Apple Releases OS X Yosemite While Patching 144 Security Vulnerabilities
Apple has released their newest version of their OS X operating system, Yosemite v10.10, in addition, the company has patched over 144 security flaws found throughout a number of their products.
Apple released a number of security fixes on Thursday, fixing vulnerabilities throughout their operating system and products including: OS X Mountain Lion v10.8.5 and OS X Mavericks v10.9.5; OS X Server versions 2.2.5, 3.3.2 and 4.0; and iTunes 12.0.1. Apple also released an additional 144 separate security patches throughout the updates.
Apple’s latest OS X Yosemite patches 45 vulnerabilities throughout many parts of the operating system. Included is a fix for the Bash Shell Vulnerability commonly known as Shellshock, which Apple released individual patches for at the end of September. Another serious vulnerability Apple fixed is POODLE, a vulnerability that lies within the SSL version 3 protocol. Apple addressed the issue by disabling CBC cipher suites when TLS connections fail.
Apple patched numerous severe vulnerabilities, including several arbitrary code execution with system privileges flaws, stealing WiFI credentials flaw, allowing a malicious Bluetooth device to establish a connection to the device without pairing, among hundreds of others.
As well, Apple released security update 2014-005 for OS X Mountain Lion v10.8.5 and OS X Mavericks v10.9.5 systems. The update includes only two patches against Shellshock and POODLE. The other 43 vulnerabilities fixed in Yosemite were also fixed in OS X Mavericks systems and later. Earlier versions of OS X have yet been patched for any of the following vulnerabilities.
Apple also patched iTunes releasing version 12.0.1 patching 83 vulnerabilities, all regarding memory corruption issues in the WebKit browser engine. Apple’s massive update is long overdue, some CVE tags date back from 2013.
Apple also released OS X Server 4.0 on Thursday as well, fixing 18 vulnerabilities.
OS X Server versions 3.3.2 and 2.2.5 were also released, only adding a TLS change to block POODLE attacks, no other bugs found in the OS X server.

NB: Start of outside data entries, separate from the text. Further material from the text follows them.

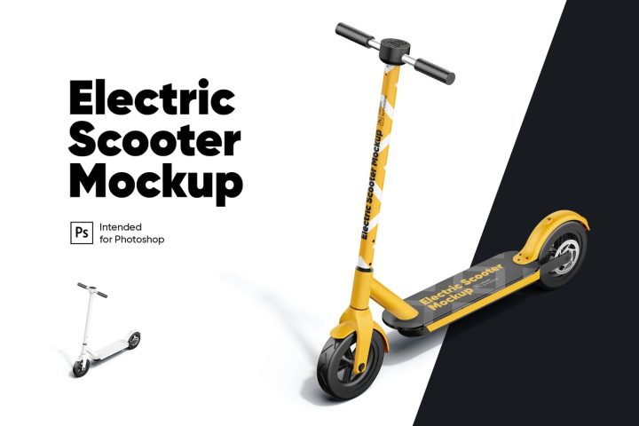 Create an elegant presentation for your designs with this fully customizable Electric Scooter Mockup. Includes smart-objects and masks, allowing you easily add your design and lets you change the color for most scene objects.
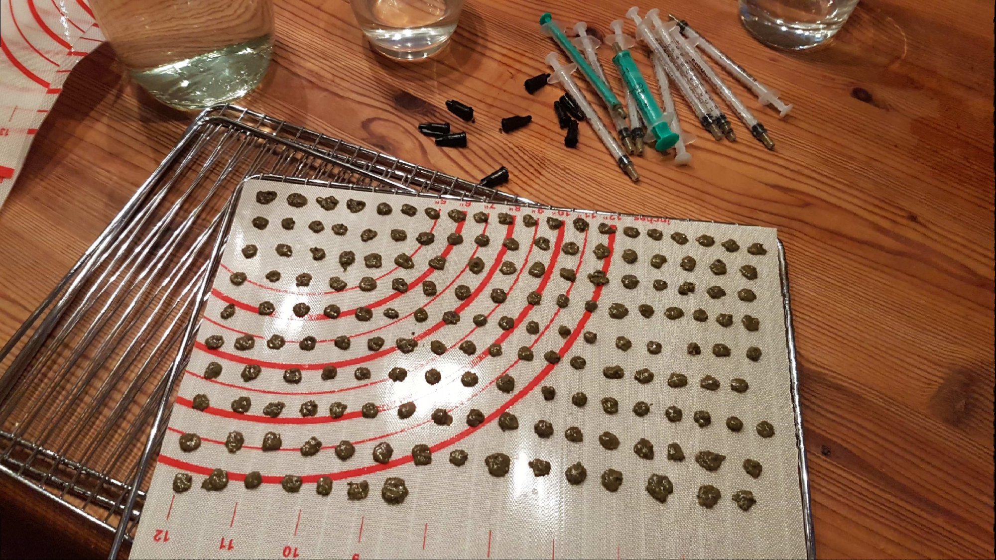 Da wir gerade Päppeln und der Schattenkönig nur ganz frischen Päppelbrei nehmen mag, habe ich die Reste portioniert und in unseren Dörrautomaten gelegt.
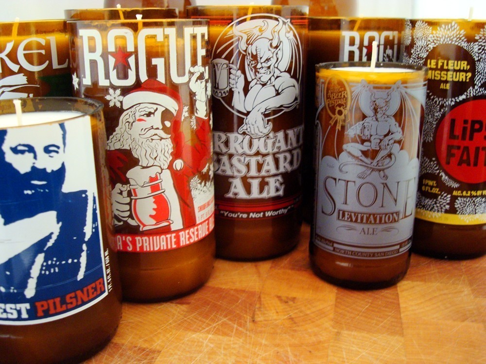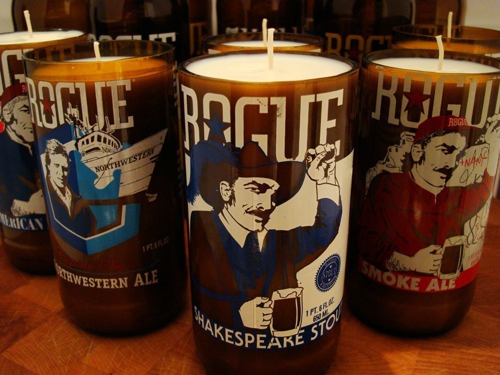 The bottles are sliced to about the height of a standard glass, with the rim sanded to a smooth finish. They seem to have access to a wide roster of Rogue Brewery’s bottles, from Smoked Ale to Brutal Bitter to Dead Guy Ale, and more. To make you feel better about buying candles, the creator wants you to know these things were “hand-crafted in a studio full of power tools and beer while Whitesnake plays in the background.” Manly.
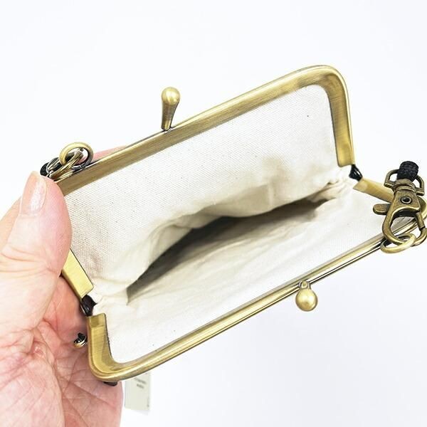 小さめのかわいいミニがま口タイプなので、こまごました持ち物を収納するのに便利です。カバンのなかにそのまま入れたらどこにあるのかわからなくなってしまう、ティッシュや目薬などなどの収納にお勧めです。小さいながらポップなデザインでカバンの中で映えそうです。サイズ:13cm×13.5cm×4.5cm 素材:綿、スチール
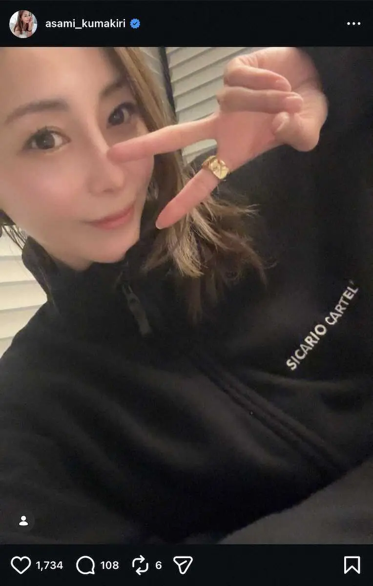 タレントの熊切あさ美(45)が2日までに自身のインスタグラムを更新。スウェット姿でのピースサイン自撮りショットを投稿した。

In Apple’s massive update they included the identities of many third party researchers attached to their CVE vulnerability identifiers. In a large number of Apples security patches, Google Project Zero was accredited.
Google Project Zero is an initiative Google started to help secure the Internet. The Internet giant hired full-time security experts to test the security of widely used products across on the web.
The initiate started only three months ago in July and appears to be doing its job, even helping secure Apple products among many others.
It is highly recommended that if you use any of the listed Apple products you update them right away to get the added security benefits and not be left vulnerable.